__WORK TO COMPLETE__
Where an entry holds an image, skip the image but reproduce the rest word for word.

Start of TASK INPUTS

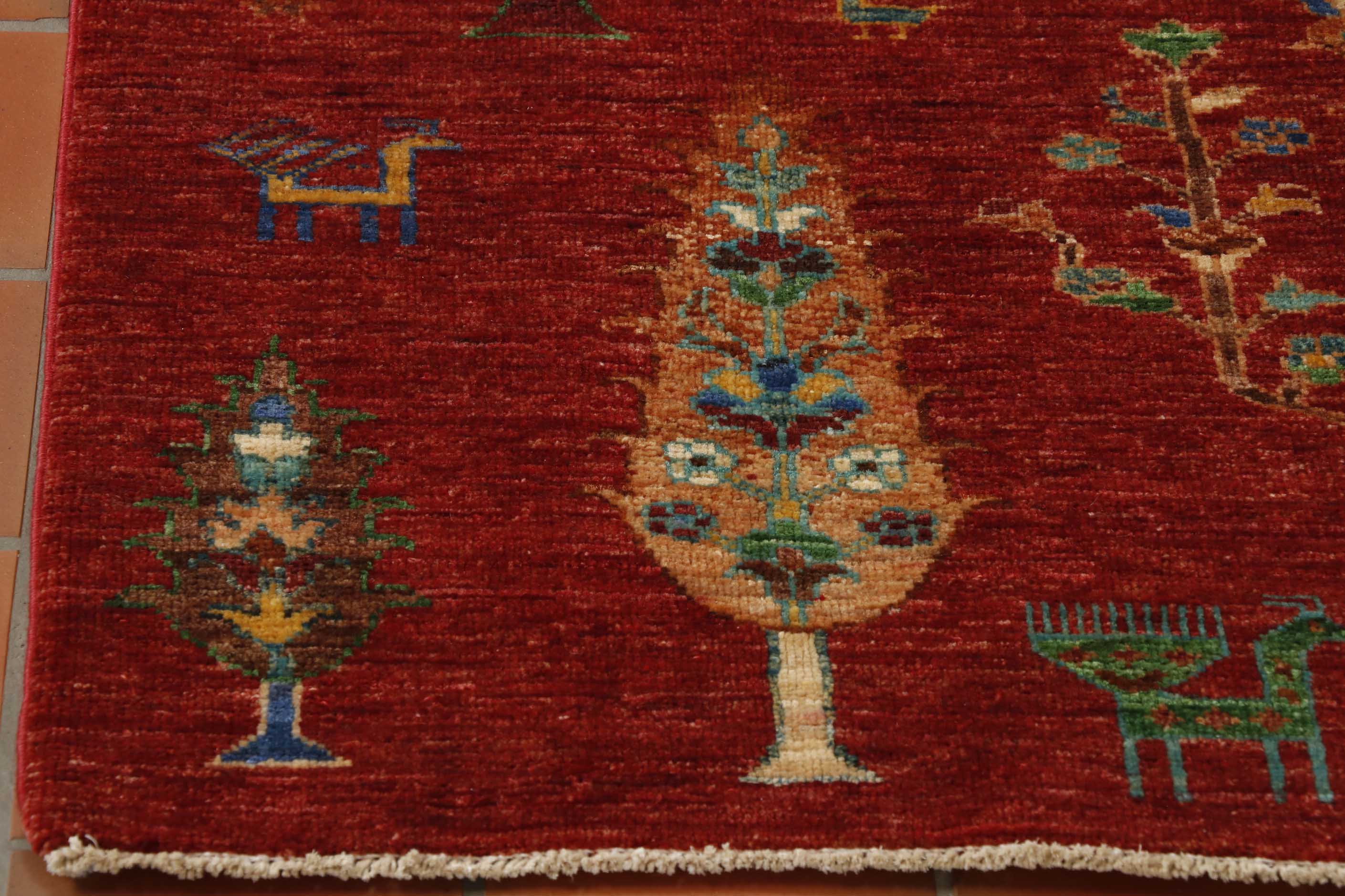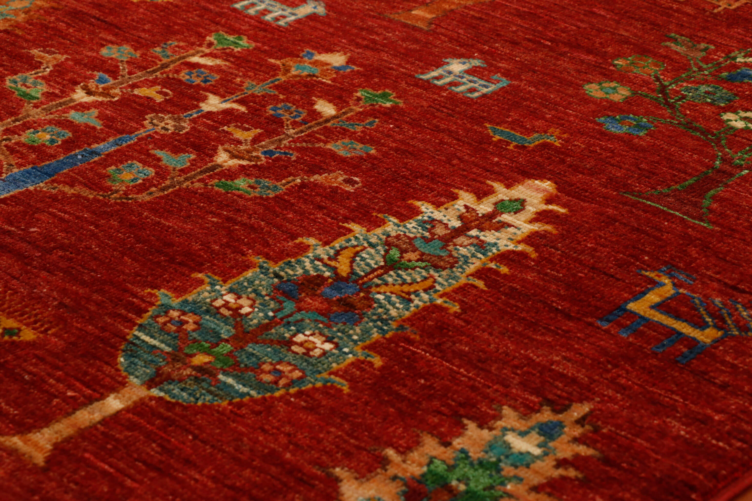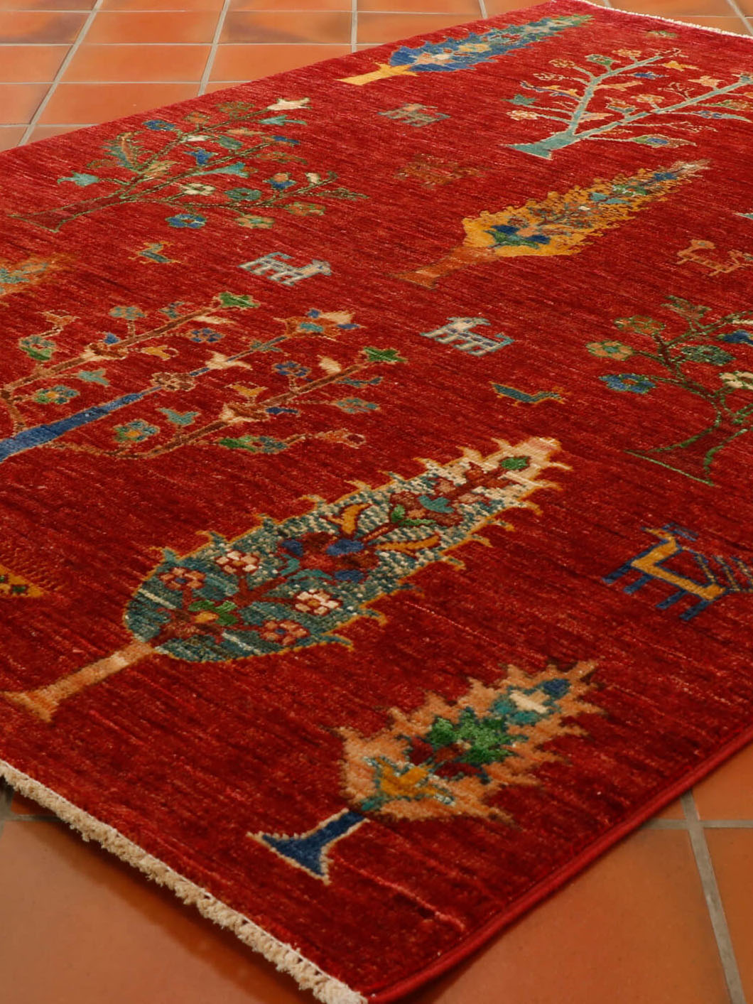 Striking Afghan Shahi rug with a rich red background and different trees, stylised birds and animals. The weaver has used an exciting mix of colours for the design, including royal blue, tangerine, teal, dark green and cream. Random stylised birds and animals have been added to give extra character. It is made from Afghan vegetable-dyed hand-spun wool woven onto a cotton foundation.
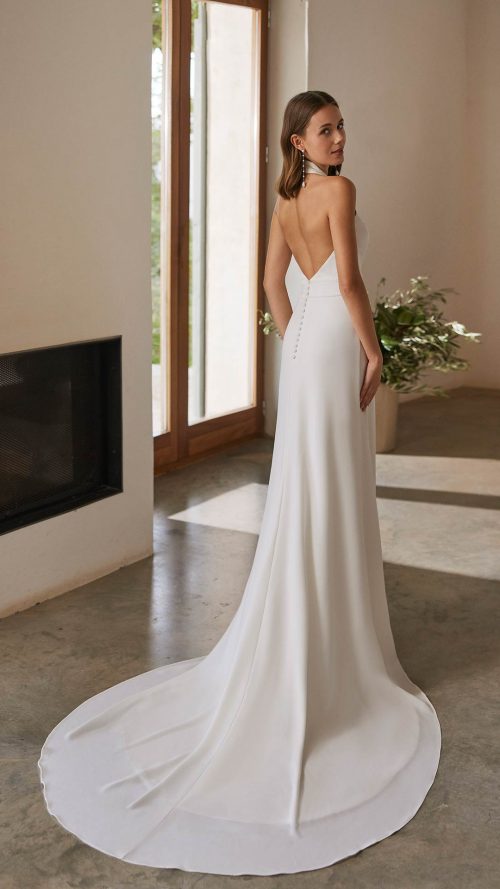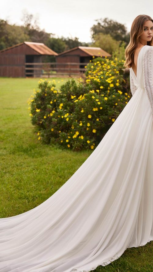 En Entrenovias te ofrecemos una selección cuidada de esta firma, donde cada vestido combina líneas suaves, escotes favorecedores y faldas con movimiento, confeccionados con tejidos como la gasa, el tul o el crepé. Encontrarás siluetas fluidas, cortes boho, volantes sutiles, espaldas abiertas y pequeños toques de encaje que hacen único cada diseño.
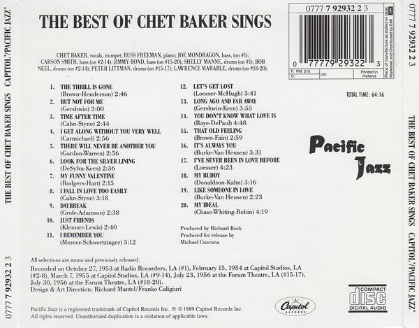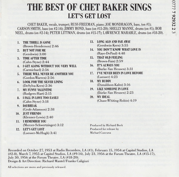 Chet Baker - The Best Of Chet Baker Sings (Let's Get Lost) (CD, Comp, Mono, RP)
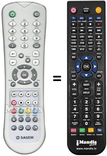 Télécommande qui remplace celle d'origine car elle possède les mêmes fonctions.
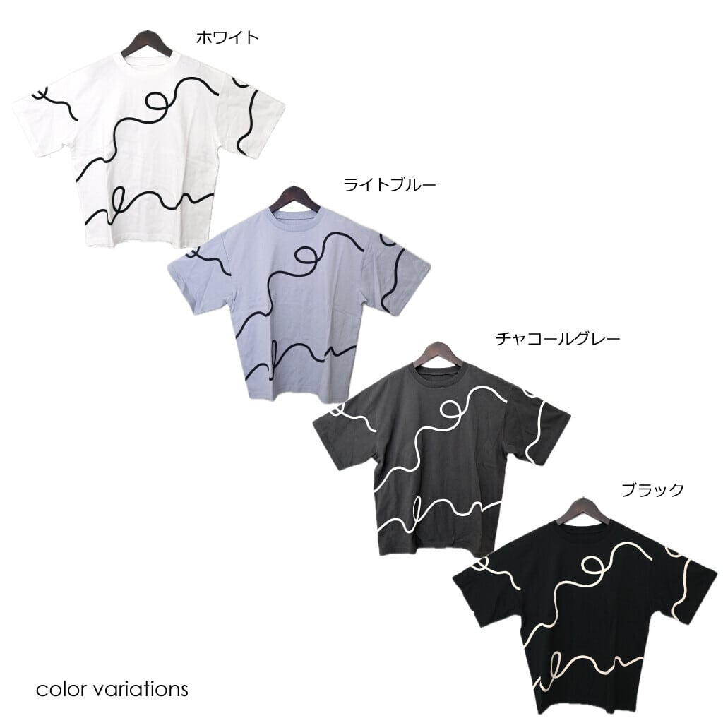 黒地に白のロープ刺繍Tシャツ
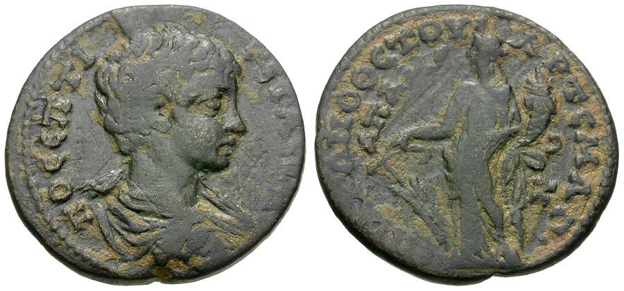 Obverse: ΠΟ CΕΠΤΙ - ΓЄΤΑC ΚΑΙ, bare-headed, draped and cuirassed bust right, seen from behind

End of TASK INPUTS

__WRITTEN RESPONSE__
 Striking Afghan Shahi rug with a rich red background and different trees, stylised birds and animals. The weaver has used an exciting mix of colours for the design, including royal blue, tangerine, teal, dark green and cream. Random stylised birds and animals have been added to give extra character. It is made from Afghan vegetable-dyed hand-spun wool woven onto a cotton foundation.
 En Entrenovias te ofrecemos una selección cuidada de esta firma, donde cada vestido combina líneas suaves, escotes favorecedores y faldas con movimiento, confeccionados con tejidos como la gasa, el tul o el crepé. Encontrarás siluetas fluidas, cortes boho, volantes sutiles, espaldas abiertas y pequeños toques de encaje que hacen único cada diseño.
 Chet Baker - The Best Of Chet Baker Sings (Let's Get Lost) (CD, Comp, Mono, RP)
 Télécommande qui remplace celle d'origine car elle possède les mêmes fonctions.
 黒地に白のロープ刺繍Tシャツ
 Obverse: ΠΟ CΕΠΤΙ - ΓЄΤΑC ΚΑΙ, bare-headed, draped and cuirassed bust right, seen from behind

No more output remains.